• **PROBLEM TO SOLVE**:
Leave the images out and repeat the data exactly as given.

::: EXTRACTED INFORMATION :::

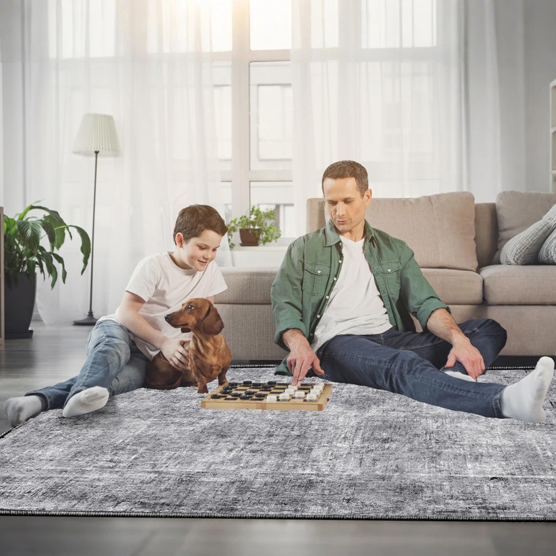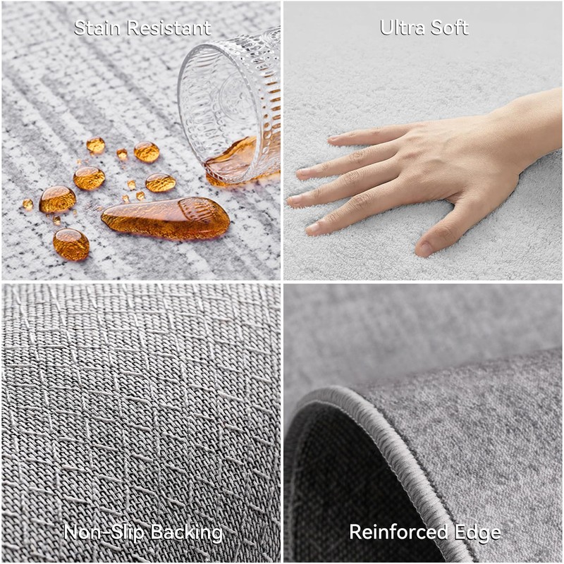 - [Kid and Pet-Friendly]: Ideal for busy households, this low-pile rug resists stains and shedding, making it perfect for homes with children or pets. Its sturdy, non-slip backing keeps it securely in place, while the fibers won't trap dirt or pet hair, ensuring an easy-to-maintain surface.
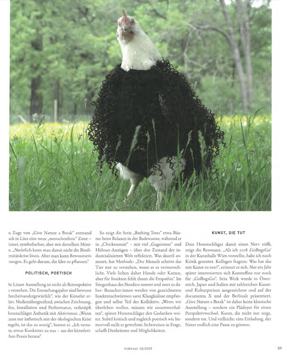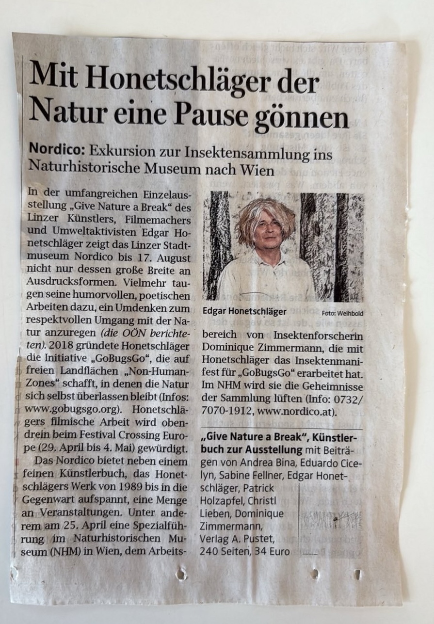 The artist’s book Give Nature a Break is published by Anton Pustet, Salzburg. Graphic Designer: Willi Schmid. Edited by Edgar Honetschläger with contributions by Andrea Bina, Eduardo Cicelyn, Sabine Fellner, Edgar Honetschläger, Patrick Holzapfel, Christl Lieben and Dominique Zimmermann. 240 pages, € 34
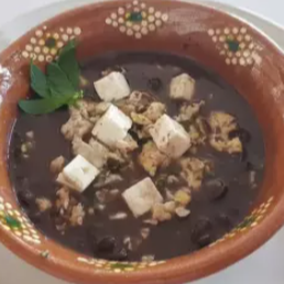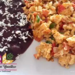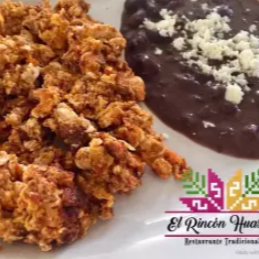 Huevos revueltos ahogados en frijoles de la olla con epazote, queso,acompañado de Enchiladas combinadas (10pz)
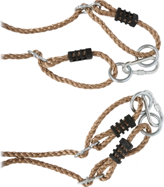 Izturīgās neilona virves ar metāla cilpām var viegli pielāgot bērna augumam un piekāršanas vietai. Galu daļā ir metāla gredzeni un drošības karabīnes ātrai un uzticamai nostiprināšanai. Šūpoles ir piemērotas gan dārzam, gan bērnistabai, un pateicoties 100 kg celtspējai, tās patiks gan mazākiem, gan vecākiem bērniem.
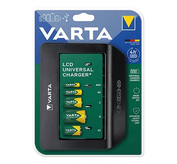 VARTA LCD UNIVERSAL MULTI CHARGER+ akkutöltő (240V, AAA/AA/C/D/9V elem kompatibilis, LED kijelző) FEKETE
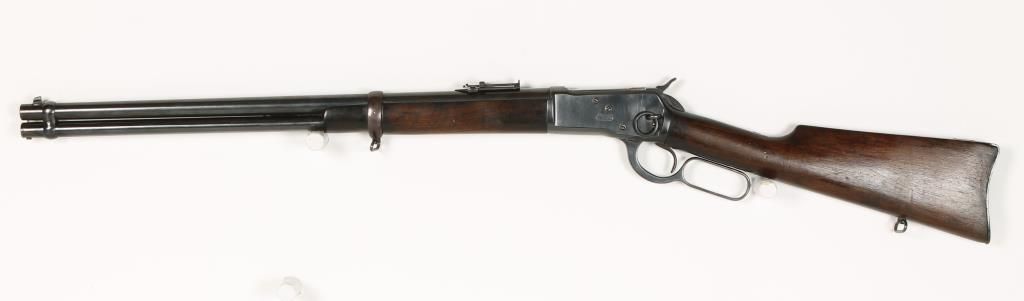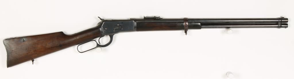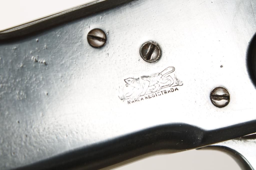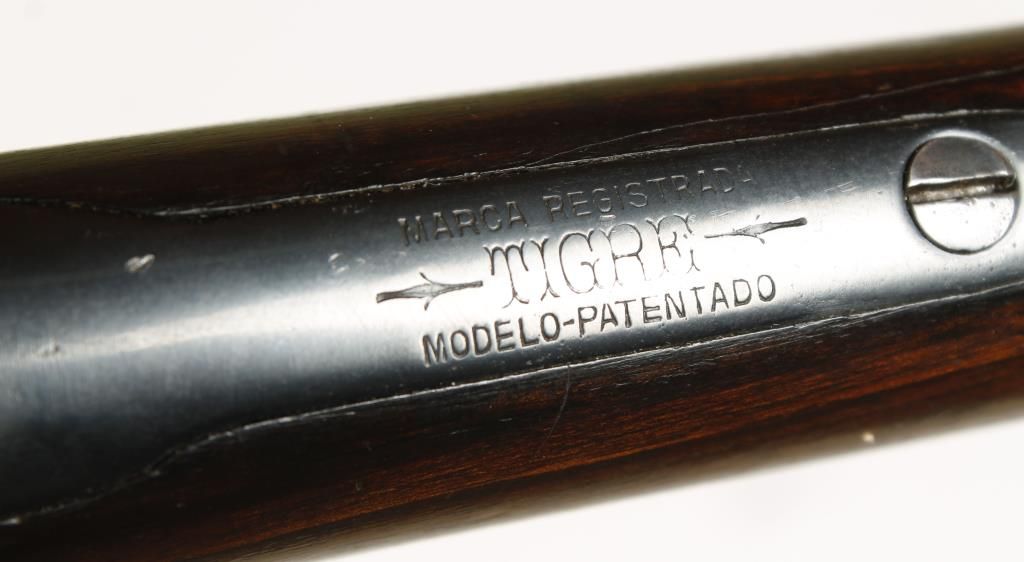 Spanish made copy of the Winchester Model 1892 lever action with 22" round barrel and full length magazine. . The tang behind the hammer is marked "MARCA REGISTRADA/TIGRE/MODELO-PATENTADO." Buttstock is mounted with a carbine style buttplate with a compartment and a sling swivel is located on the bottom edge of the buttstock. Good bore and action. Condition: Good as refinished showing pitting under the bluing and the wood is good. *Curio & Relic Firearm*

:::

• **SOLUTION FOR THIS TASK**:
 - [Kid and Pet-Friendly]: Ideal for busy households, this low-pile rug resists stains and shedding, making it perfect for homes with children or pets. Its sturdy, non-slip backing keeps it securely in place, while the fibers won't trap dirt or pet hair, ensuring an easy-to-maintain surface.
 The artist’s book Give Nature a Break is published by Anton Pustet, Salzburg. Graphic Designer: Willi Schmid. Edited by Edgar Honetschläger with contributions by Andrea Bina, Eduardo Cicelyn, Sabine Fellner, Edgar Honetschläger, Patrick Holzapfel, Christl Lieben and Dominique Zimmermann. 240 pages, € 34
 Huevos revueltos ahogados en frijoles de la olla con epazote, queso,acompañado de Enchiladas combinadas (10pz)
 Izturīgās neilona virves ar metāla cilpām var viegli pielāgot bērna augumam un piekāršanas vietai. Galu daļā ir metāla gredzeni un drošības karabīnes ātrai un uzticamai nostiprināšanai. Šūpoles ir piemērotas gan dārzam, gan bērnistabai, un pateicoties 100 kg celtspējai, tās patiks gan mazākiem, gan vecākiem bērniem.
 VARTA LCD UNIVERSAL MULTI CHARGER+ akkutöltő (240V, AAA/AA/C/D/9V elem kompatibilis, LED kijelző) FEKETE
 Spanish made copy of the Winchester Model 1892 lever action with 22" round barrel and full length magazine. . The tang behind the hammer is marked "MARCA REGISTRADA/TIGRE/MODELO-PATENTADO." Buttstock is mounted with a carbine style buttplate with a compartment and a sling swivel is located on the bottom edge of the buttstock. Good bore and action. Condition: Good as refinished showing pitting under the bluing and the wood is good. *Curio & Relic Firearm*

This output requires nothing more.